The goal in both is to make money. That is the business and that will always
be business. The harm, is that its no longer a playing field where you're
playing a game. Its buying the win. Since the business model works (they
profit, who cares about the person?) the gaming industry shifts so that it
continue to make that profit. Thus, you have DLC - the game is incomplete the
first time you pay for it, so to play it you have to buy the rest. Though, you
don't have to. But, an entire ecosystem is playing the cooler stuff... and
you're sitting behind.

This business model is new. The reason its different from TCG, is TCG itself
requires a tangible asset - you cannot play without the cards. Magic is
nothing without a deck. To build a deck you must buy the cards. Invariably
this means that to build a good deck, you must increase your chances to obtain
a valuable card - thus you need to buy many boosters and decks. The model
itself is simple, but its not exactly able to be changed - if cards are merely
an imaginary item that one draws on their own, then the deck is never
different. It reduces the unexpected and you remove the need for that extra
bit of strategy. The ability to build a good deck is not necessarily tied to
value, only the chance is increased the more you buy. The chance is always
there - its never a zero value. In the pay to play games, the value is always
tied to your success: there is no chance to your "strength" it is only your
stats, items, level, money... whatever.

A good example of the difference is to compare it to a similar platform. There
is a game in the app store(s) called Age of Warring Empires. It's your typical
"build a city" "get 'cards' of various strengths representing characters'
'level them, build armies, attack others.' Well, every single one of those
things has two ways of advancement: money or time. There is no way to get the
best items without spending money. None. The only way to win, IS to buy the
win. In magic, sure you have to buy the deck... but for all intents and
purposes, there is a non-zero chance that first box you get builds a deck
worth winning.

------
mbreese
I never played trading card games... I even had to look up what TCG meant. So,
I'm not the best to suggest why they were better accepted. But if I had to
guess, it was that everyone one had a shot at getting the best cards. Even if
you only had one or two packs, you could have gotten a super rare card. If you
had a hundred packs, you still may not have gotten the "golden ticket". So,
money didn't necessarily correlate 1:1 with advantage.

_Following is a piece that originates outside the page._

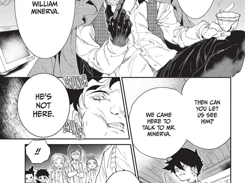Ce volume impressionne également par la façon dont il élargit les connaissances de la série. Les enfants trouvent toutes sortes d'informations sur le monde dispersées dans les abris souterrains, y compris des cartes des régions voisines. Cette information géographique inclut la première référence directe de la série à Goldy Pond, dont les fans qui se tiennent au courant via Weekly Shonen Jump reconnaîtront l'importance. Les récits de Geezer sur son passé font allusion à diverses menaces inconnues qui génèrent beaucoup de tension et d'angoisse. Les protagonistes ont beaucoup plus à craindre que Isabella et le reste de leurs anciens gardiens. L'œuvre de Demizu est aussi merveilleuse, comme toujours. Les personnages ont tous des expressions faciales et un langage corporel fantastiques. Cela permet au lecteur d'avoir une bonne idée de la façon dont les protagonistes font face à leur situation traumatisante, non seulement dans les moments de tristesse mais aussi dans les moments de joie. Il y a une quantité inattendue de comédie dans ce volume, et une grande partie de son succès provient du travail effectué sur le personnage de Demizu. Les compositions des pages sont également fortes, avec une variété chaotique de mises en page qui reflètent l'agitation frénétique de l'intrigue. Le flux d'actions entre les panneaux est également fluide dans la plupart des cas. Il n'y a qu'une petite scène vers la fin du volume qui s'avère préoccupante. Elle se produit pendant le voyage de Ray, Emma et Geezer à travers les bois infestés de démons vers Goldy Pond. Ils marchent prudemment jusqu'à ce qu'un gigantesque démon sauvage saute d'en haut et fasse un atterrissage bruyant. C'est une bonne scène dans son ensemble, mais cette séquence s'avère plus difficile à suivre que le reste du volume car les mouvements critiques deviennent quelque peu maladroits et déroutants. L'irruption du démon est particulièrement décevant, car sa composition et sa perspective ne traduisent pas efficacement sa masse et sa puissance. Ces choses peuvent facilement être déduites, mais elles ne sont pas transmises efficacement sur la page.

In games like Clash of Clans, etc... You can play without paying. But it is
just depressing to have an opponent attack you, where you can tell that they
have effectively bought their way in. They didn't spend the time to
effectively build their city, wait for their upgrades, etc... instead, they
just bought a ton of gems and used that to make their city.

So, the users who don't just buy their way can feel cheated by the game. They
put in a lot of time into their cities, but they can just get crushed by
people who just bought theirs.

Sure, the authors can get more money, but it just ruins game play for the rest
of us. Even in games like Candy Crush - you _can_ win without paying extra,
but for some levels it's almost impossible to complete without using bonuses.

Source: I've played both Candy Crush and Clash of Clans to the point where
they weren't fun anymore largely because of the pay-to-play nature.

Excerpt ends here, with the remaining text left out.